06-02-2015 12:32 PM
... and JMP, while we are at it.
I have written several papers on Cardinality Ratio and have an sco wiki page on it.
* the cardinality of a set is the number of elements in the set
* cardinality of a data set is n-obs
* cardinality of a variable is n-levels
* cardinality ratio is n-levels / n-obs;
* CR is a reducing function, its range is in (0:1]
and it is easier to compare variable's CR than the range of n-levels in (1:n-obs)

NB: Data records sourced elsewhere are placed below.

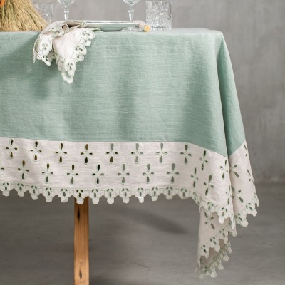 Diese schöne Leinentischdecke mit hochwertiger Cut-Work und Stick Muster Randbordüre eignet sich sowohl für festliche Anlässe (z. B. für den Frühlings- und Ostertisch) wie für den alltäglichen Gebrauch und lässt sich sehr gut mit vielen Farben des Geschirrs kombinieren.
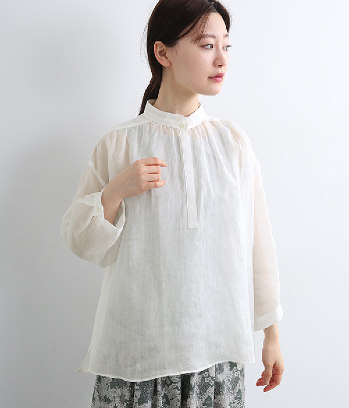 コットンローン袖ゴムコクーンプルオーバーブラウスオフホワイト
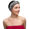 Wyjątkowy turban z ozdobną szarfą w piękne wzory. Kolorowa szarfa z delikatnego materiału w połączeniu z jednobarwną podstawą stanowi elegancki dodatek do każdego stroju. Mocowanie szarfy tylko w górnej części turbanu daje wiele możliwości stylizacyjnych.

if one takes the time to calculate the n-levels of each variable
proc freq data = sashelp.class nlevels;
I know you have the n-obs of the data set,
so, in my book it is a simple step to calculate
cardinality_ratio = n-levels / n-obs;
Why is this a Good Idea?
Because it takes several steps to calculate it.
proc contents ... out = out_contents;
proc freq ... out= out_freq;
proc sort out_contents
proc sort out_freq
merge out_contents out_freq;
cardinality_ratio = nlevels / nobs;
proc summary var cardinality_ratio out = out_means
when ... cr_type = 'unique';
when ... cr_type = 'many';
otherwise cr_type = 'few';
Having proc freq do the number-crunching makes calculating the
cr-type in (continuous, discrete, unique)